Community Development Block Grant Program: A Historical
Celebrating 25 Years of Success
By Nicole Maharaj
The Community Development Block Grant Program was created to 1) benefit low- and moderate income persons; 2) eliminate slum and blight; and 3) meet other urgent local community development needs. It was designed to permit the level of local government closest to the needs of its citizens and community the ability to devise flexible and constructive neighborhood approaches to meet and prevent physical, economic and social deterioration. The program came into existence through the Housing and Community Development Act of 1974, when seven categorical programs (which communities competed nationally in specific project categories)-including the Urban Renewal and Model Cities programs were merged into one program - the Community Development Block Grant. CDBG was spearheaded by the efforts of President Richard Nixon, and signed into law by President Gerald Ford. Today, it is one of the largest and most successful federal grant programs to states, cities and counties, and the program over the years has survived several proposed cuts. As you know, the program is administered by the U.S. Department of Housing and Urban Development through the Office of Community Planning and Development (CPD-HUD). According to documented studies, CDBG has been highly effective in meetings its original intended purpose of primarily targeting the most distressed cities, neighborhoods and individuals, and research concludes that CDBG-funded investments, in certain types of neighborhoods and under the right circumstances, have produced tangible results in neighborhood stabilization and revitalization initiatives. Many CDBG-assisted businesses report that their projects would not have happened at all, or would have happened on a much smaller scale, without the assistance of the program.

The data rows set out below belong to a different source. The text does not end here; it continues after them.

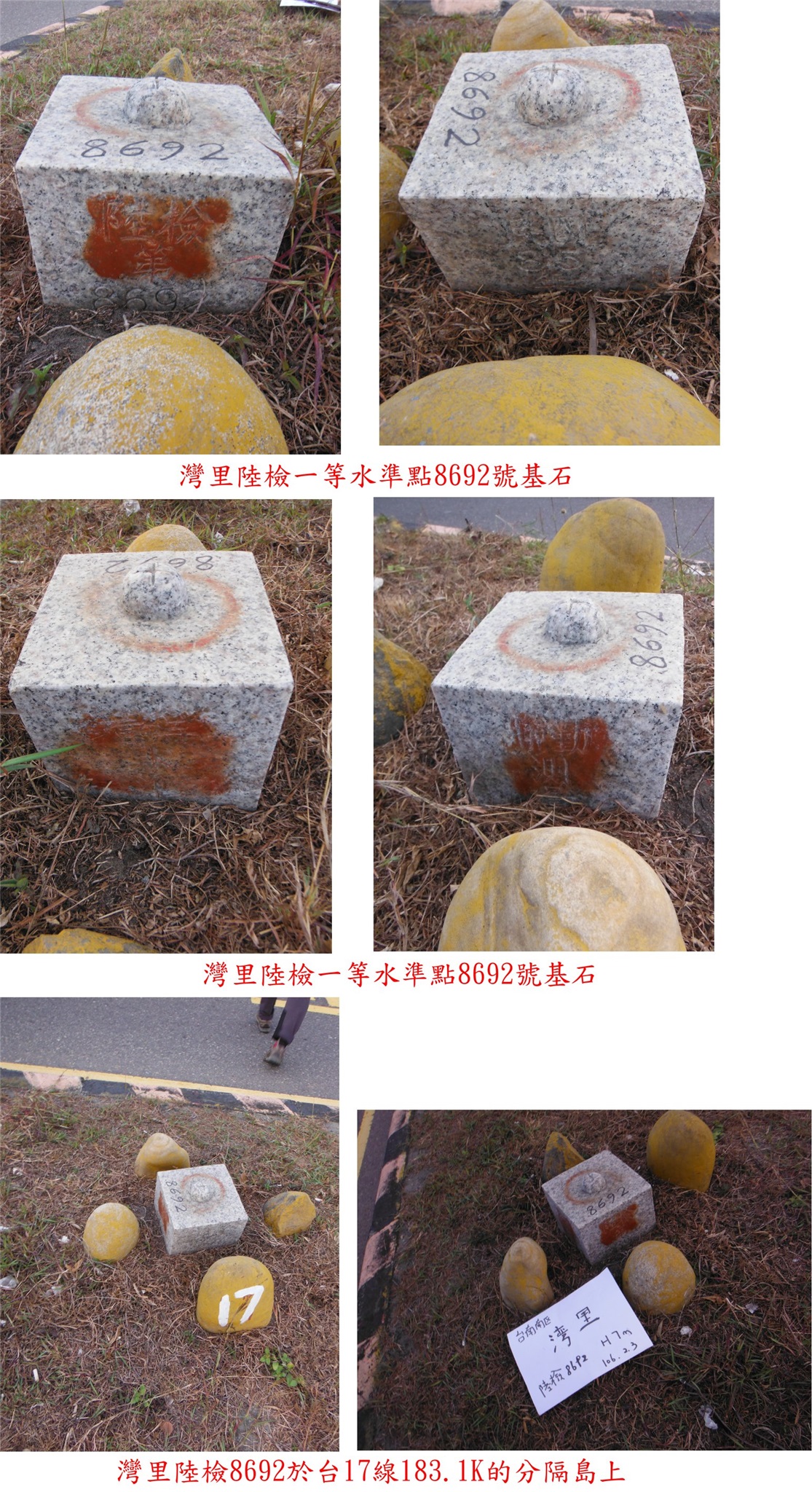 灣里陸檢8692號水準點於台17線183.1K的分隔島上,靠近巷口處明顯好找,此點聯勤測量隊亦立於民國85年。
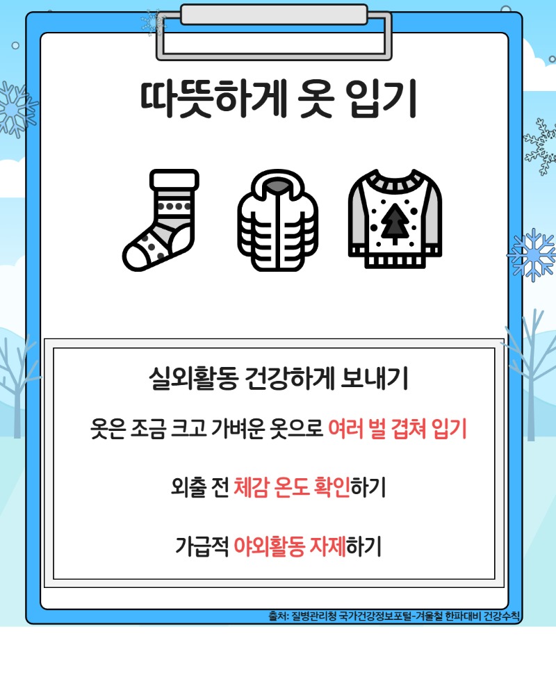 추운 겨울철 한파를 대비하기 위한 건강 수칙에 대해 전달드립니다!
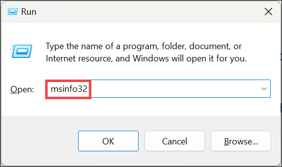 1.Paina Windows + R avataksesiSuorita ohjelma, tyyppimsinfo32siinä ja painaAnna avain.
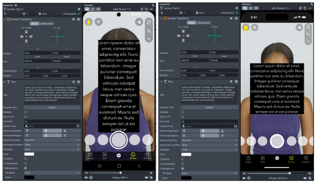 However, you should note that since screens might have different aspect ratios, or overall size, text might flow differently. In addition, the Screen Transform settings will still apply as usual. So, as always, you should check your Lens with different devices in the Preview panel.
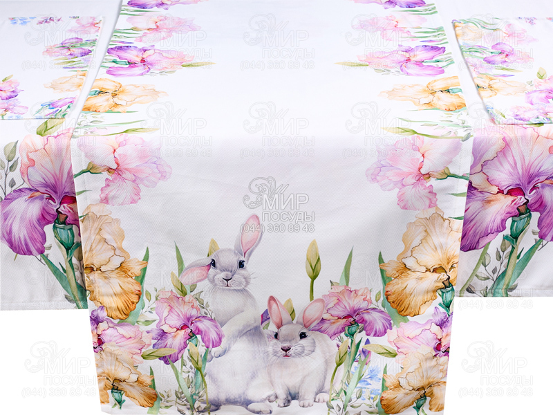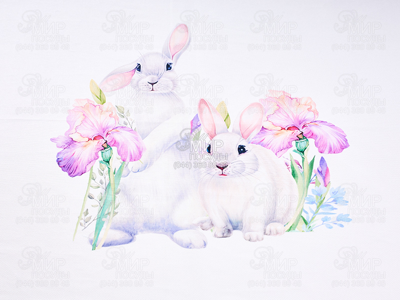 Світ посуду - Домашній інтер'єр - Домашній текстиль - Скатертини - Скатертина Кролики у квітах 140х180см 796-015
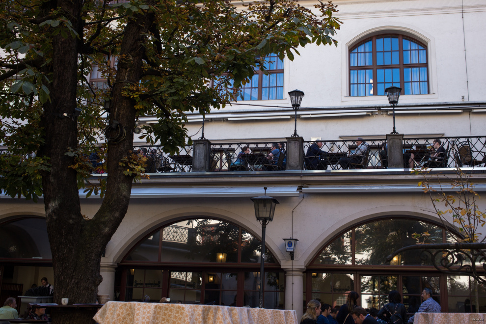 Суперклассика - Хофбройхаус, то есть Придворная пивоварня. Расположена на площади Плацль, известна на весь мир. Разумеется, я не мог туда не заглянуть.
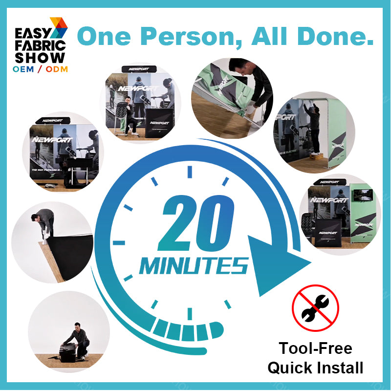 Includes multiple printed fabric backdrops with cotton bags for flexible branding and easy transport
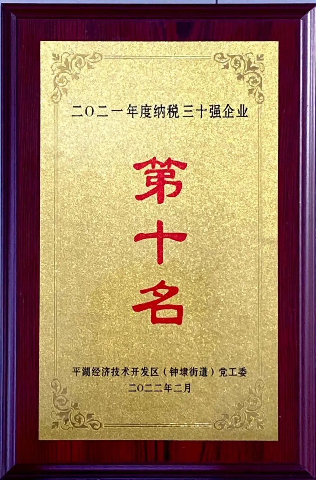 位列2021年度納稅30強(qiáng)企業(yè)第10名。
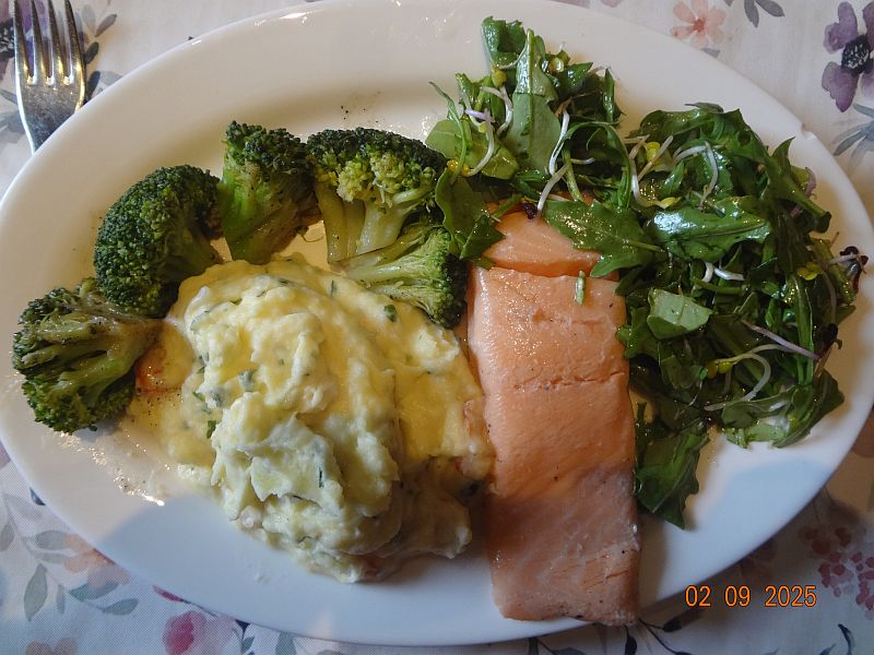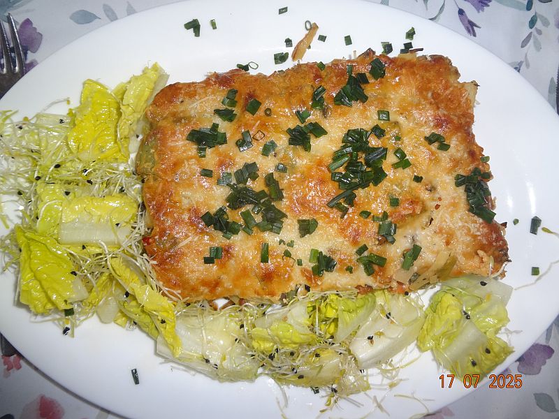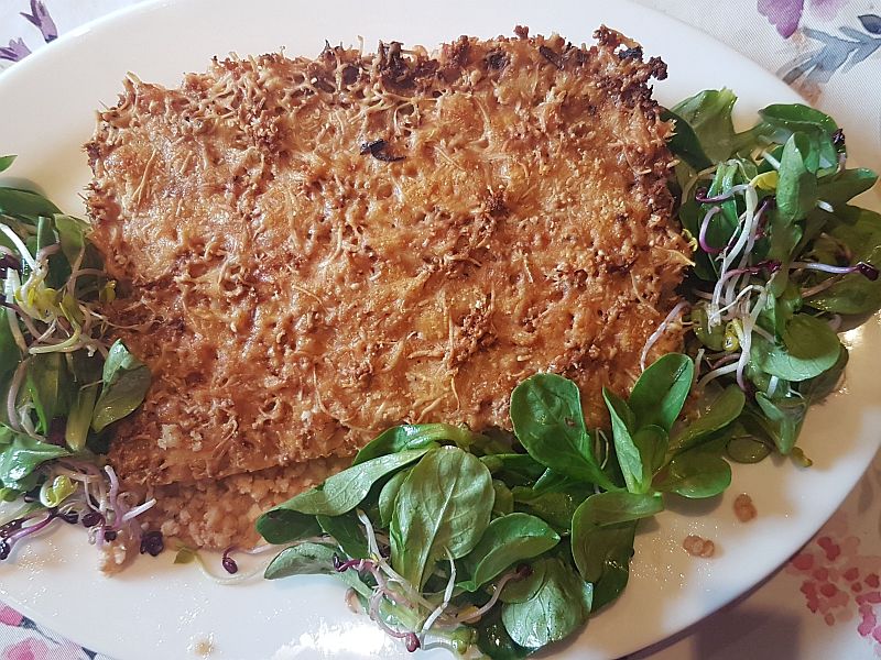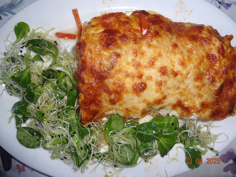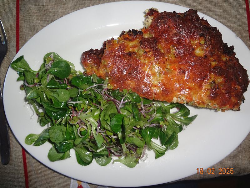 | | Schichtauflauf mit Kart., selbstgeräuchertem Lachs, Champignons und geriebenem Käse, Feldsalat mit Sprossen |
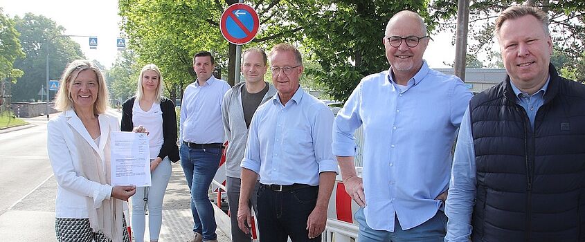 Landrätin Anita Schneider (vorne links) freut sich gemeinsam mit (v.l.n.r.) Melania Kampa, Andreas Mezker, Thomas Schmidt, Dr. Bernd Wieczorek, Peter Blasini und Stefan Becker über den endgültigen Förderbescheid des Bundes für den Breitbandausbau.
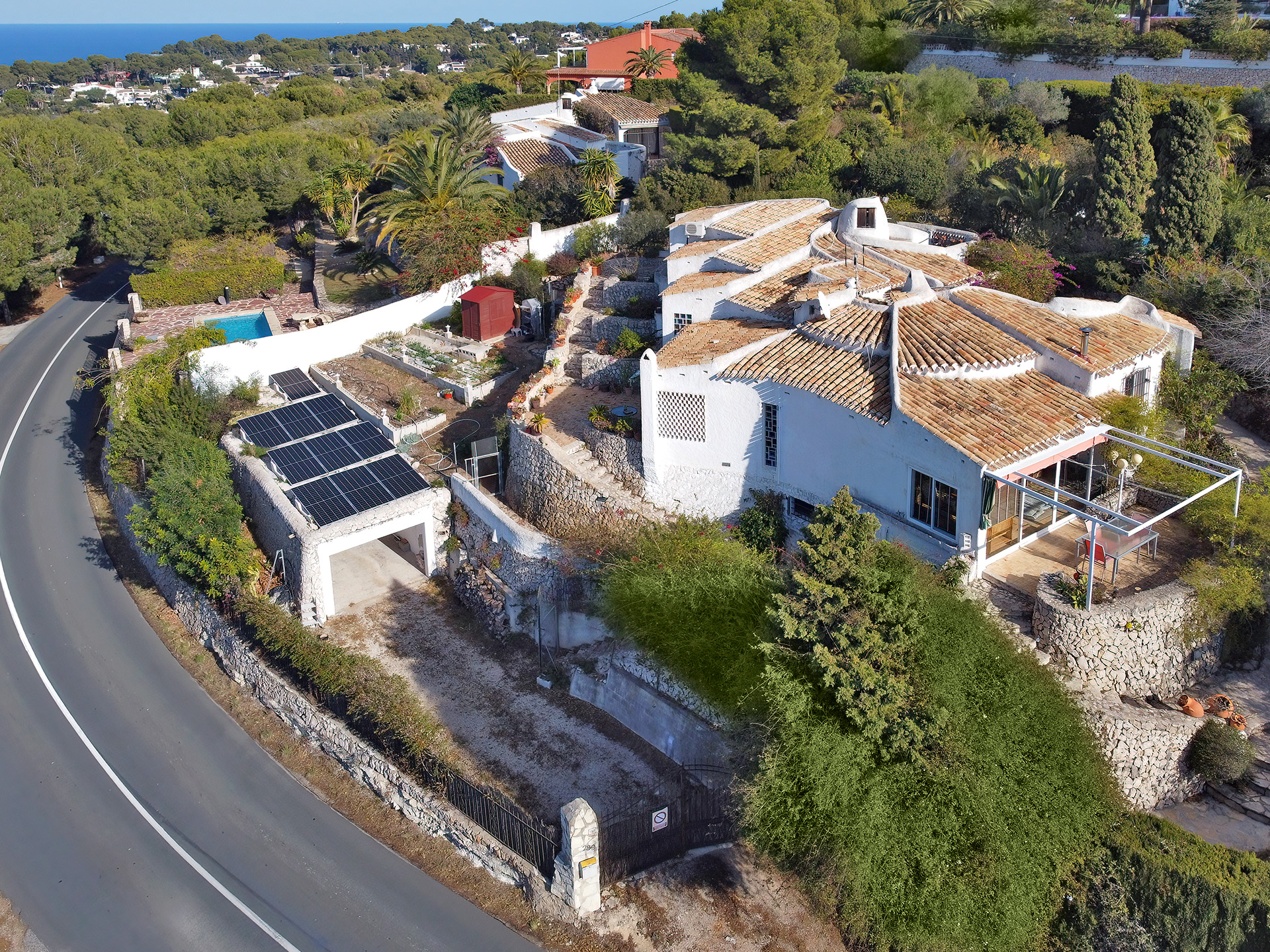 La casa principal tiene calefacción central con radiadores y a/c (frio/calor) marca Mitsubishi con la máxima eficiencia energética (AAA). La 2ª edificación tiene calefacción radiante y a/c (frio/calor). Las casas están orientadas al suroeste y norte. Tienen impresionantes vistas desde Cumbre del Sol hasta Cabo San Antonio (Puerto de Jávea). La parcela tiene acceso por 2 calles con Pérgola, Paellero, Garaje, Trastero.

The flexibility of the program allows for a vast array of complex issues to be addressed ranging from housing, economic development, social services, infrastructure, property acquisition and clearance, and other activities, which in combination, can help to stabilize or revitalize neighborhoods. The program directly impacts the lives of people by providing funding for libraries, elderly programs, child care and health care centers, after-to-school programs, homeless assistance, drug and crime prevention and counseling programs, improving streets and water and sewer systems. Some 900 entitlement communities receive direct funding by formula, and thousands of smaller communities receive funds through their respective states under the State CDBG program. Most often, CDBG represents 20 percent of the total federal assistance for a typical city over the population of 50,000. In addition, more than 10,000 non-profit groups and other public and private organizations receive grants indirectly from HUD each year through the program.